Records from a dataset
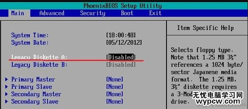 2、BIOS的主界面下,Legacy DisKetta A一項,原來是1.44MB IN的,回車,改為"Disable".因為軟驅淘汰了,更不會有人在虛擬機里用到軟驅,禁用掉可以加快開機速度。
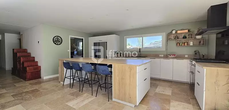 Grâce à une rénovation courant 2023, la maison bénéficie aujourd'hui d'une climatisation réversible, d'un carrelage en pierres naturelles travertin et de nouvelles menuiseries sur la partie jour (dont baie vitrée à galandage).
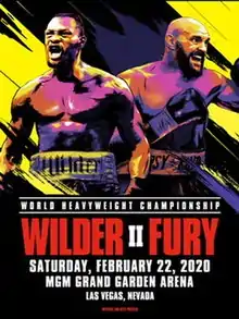 Deontay Wilder vs. Tyson Fury II, billed as Unfinished Business, was a heavyweight professional boxing rematch between undefeated and reigning WBC champion Deontay Wilder and undefeated former unified heavyweight champion Tyson Fury, for the WBC and vacant The Ring heavyweight titles. The event took place on February 22, 2020, at the MGM Grand Garden Arena, Paradise, Nevada. Fury won the bout by seventh-round technical knockout (TKO).[1]
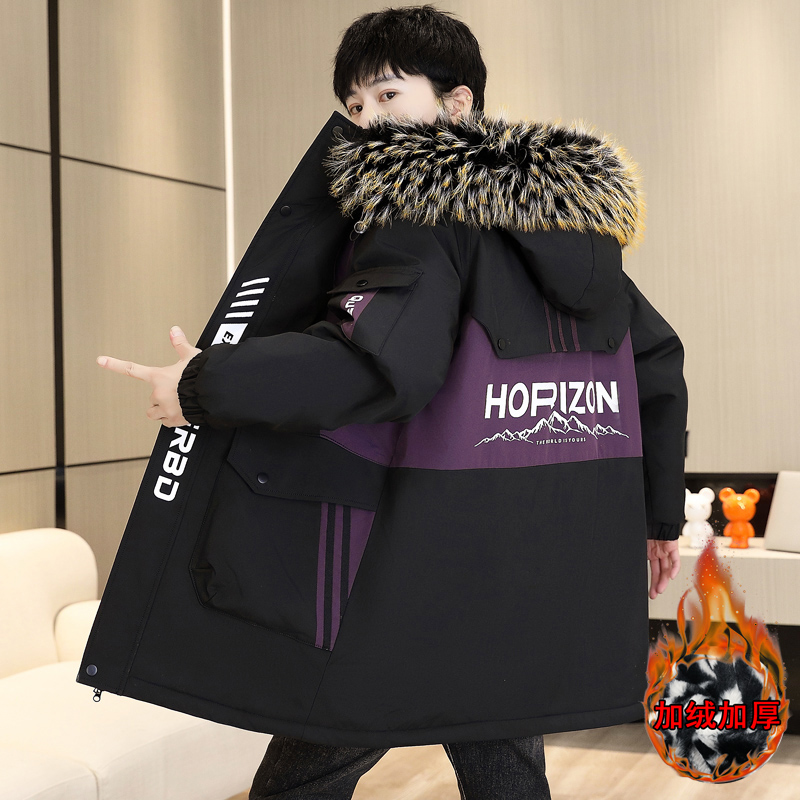 中长款派克棉服男青少年加绒加厚外套男冬季潮流帅气休闲大衣棉服
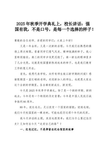 【七哥公文】2025年:2025年秋季开学典礼上,校长讲话:强国有我,不是口号,是每一个选择的样子!+更多免费公文+VX:QiGeGongWen2024
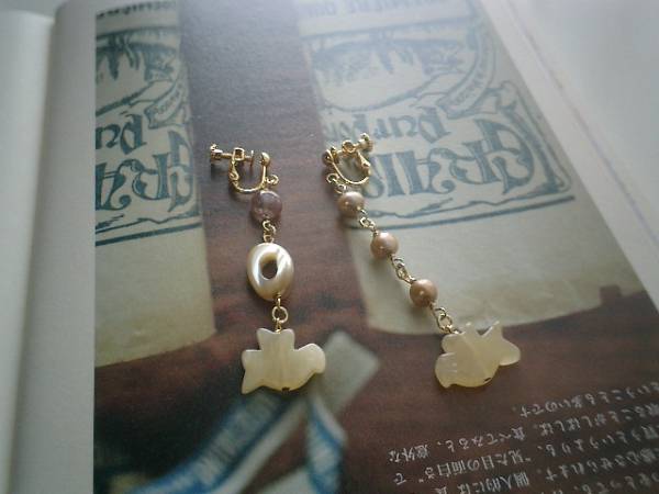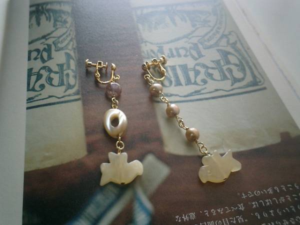 アートモダン・コレクション・・シリーズです♪小鳥さんと・・やさしいイエローベージュ色でまとめたシックなイヤリングです♪デザイン違いの2本です♪遊びの入ったデザインです♪13×17ミリ位のアラゴナイトの小鳥さんにシャンパンベージュ色の淡水パールやシェルリングやルチルクォーツのコインを合わせて大人のロマンチックしています♪長さはどちらも7.3センチ位です♪それぞれペアでもお作り出来ます♪ピアスにも変更出来ます♪お揃いのネックレスやブレスレットも出品しています♪シンプルで飽きのこないいつまでも着けられるデザインを考えて作りました!ハンドメイドをご理解頂いてノークレーム、ノーリターンでお願いします
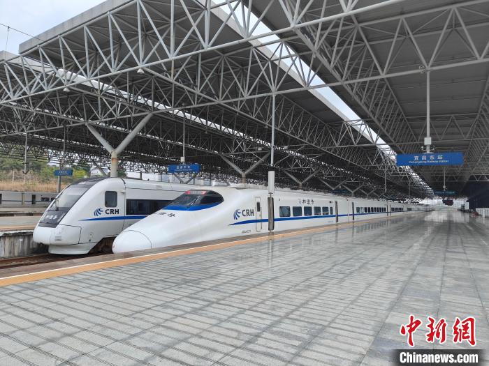 圖為動車在宜昌東站??俊j慅?攝
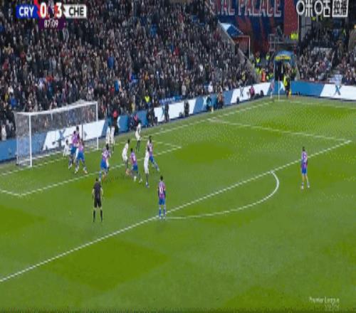 第88分鐘,扳回一城,理查茲門前頭球破門,水晶宮1-3切爾西

▸ Exercise details
Quote each entry above verbatim and drop the pictures.

▸ Task response
 2、BIOS的主界面下,Legacy DisKetta A一項,原來是1.44MB IN的,回車,改為"Disable".因為軟驅淘汰了,更不會有人在虛擬機里用到軟驅,禁用掉可以加快開機速度。
 Grâce à une rénovation courant 2023, la maison bénéficie aujourd'hui d'une climatisation réversible, d'un carrelage en pierres naturelles travertin et de nouvelles menuiseries sur la partie jour (dont baie vitrée à galandage).
 Deontay Wilder vs. Tyson Fury II, billed as Unfinished Business, was a heavyweight professional boxing rematch between undefeated and reigning WBC champion Deontay Wilder and undefeated former unified heavyweight champion Tyson Fury, for the WBC and vacant The Ring heavyweight titles. The event took place on February 22, 2020, at the MGM Grand Garden Arena, Paradise, Nevada. Fury won the bout by seventh-round technical knockout (TKO).[1]
 中长款派克棉服男青少年加绒加厚外套男冬季潮流帅气休闲大衣棉服
 【七哥公文】2025年:2025年秋季开学典礼上,校长讲话:强国有我,不是口号,是每一个选择的样子!+更多免费公文+VX:QiGeGongWen2024
 アートモダン・コレクション・・シリーズです♪小鳥さんと・・やさしいイエローベージュ色でまとめたシックなイヤリングです♪デザイン違いの2本です♪遊びの入ったデザインです♪13×17ミリ位のアラゴナイトの小鳥さんにシャンパンベージュ色の淡水パールやシェルリングやルチルクォーツのコインを合わせて大人のロマンチックしています♪長さはどちらも7.3センチ位です♪それぞれペアでもお作り出来ます♪ピアスにも変更出来ます♪お揃いのネックレスやブレスレットも出品しています♪シンプルで飽きのこないいつまでも着けられるデザインを考えて作りました!ハンドメイドをご理解頂いてノークレーム、ノーリターンでお願いします
 圖為動車在宜昌東站??俊j慅?攝
 第88分鐘,扳回一城,理查茲門前頭球破門,水晶宮1-3切爾西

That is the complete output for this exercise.